- _Entries supplied_
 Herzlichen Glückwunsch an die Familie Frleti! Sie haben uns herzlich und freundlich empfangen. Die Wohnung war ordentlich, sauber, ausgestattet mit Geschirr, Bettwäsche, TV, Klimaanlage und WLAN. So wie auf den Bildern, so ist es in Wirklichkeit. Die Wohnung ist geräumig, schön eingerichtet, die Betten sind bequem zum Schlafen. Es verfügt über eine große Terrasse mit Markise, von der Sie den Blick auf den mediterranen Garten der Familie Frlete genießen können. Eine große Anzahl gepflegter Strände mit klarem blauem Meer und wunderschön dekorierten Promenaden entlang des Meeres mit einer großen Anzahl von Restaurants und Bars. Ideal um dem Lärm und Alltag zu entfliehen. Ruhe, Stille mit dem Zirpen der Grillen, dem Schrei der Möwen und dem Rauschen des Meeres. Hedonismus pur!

* * *

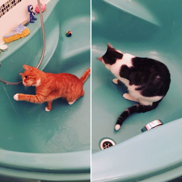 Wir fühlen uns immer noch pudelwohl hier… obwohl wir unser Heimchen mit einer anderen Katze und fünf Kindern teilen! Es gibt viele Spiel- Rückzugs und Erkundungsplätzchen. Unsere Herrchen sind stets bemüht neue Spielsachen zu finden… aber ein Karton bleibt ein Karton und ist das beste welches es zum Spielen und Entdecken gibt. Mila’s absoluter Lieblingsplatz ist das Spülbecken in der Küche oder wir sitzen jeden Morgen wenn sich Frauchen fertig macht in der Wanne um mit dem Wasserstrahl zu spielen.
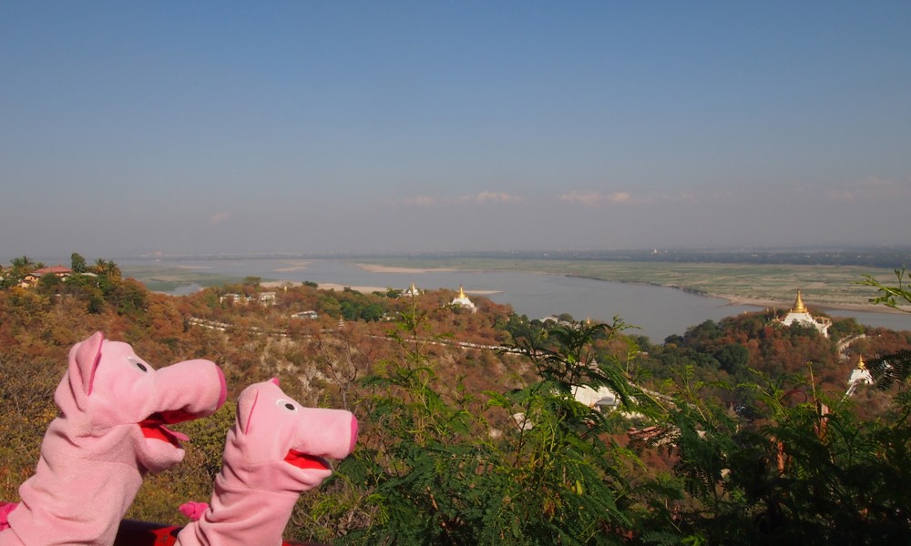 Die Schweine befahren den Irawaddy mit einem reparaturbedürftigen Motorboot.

- _What is expected_
What to print is the stretch of entries from the line with "Wir fühlen uns" up to and including the line with "Die Schweine befahren". Please print it exactly and leave out the pictures.

- _Task output_
 Wir fühlen uns immer noch pudelwohl hier… obwohl wir unser Heimchen mit einer anderen Katze und fünf Kindern teilen! Es gibt viele Spiel- Rückzugs und Erkundungsplätzchen. Unsere Herrchen sind stets bemüht neue Spielsachen zu finden… aber ein Karton bleibt ein Karton und ist das beste welches es zum Spielen und Entdecken gibt. Mila’s absoluter Lieblingsplatz ist das Spülbecken in der Küche oder wir sitzen jeden Morgen wenn sich Frauchen fertig macht in der Wanne um mit dem Wasserstrahl zu spielen.
 Die Schweine befahren den Irawaddy mit einem reparaturbedürftigen Motorboot.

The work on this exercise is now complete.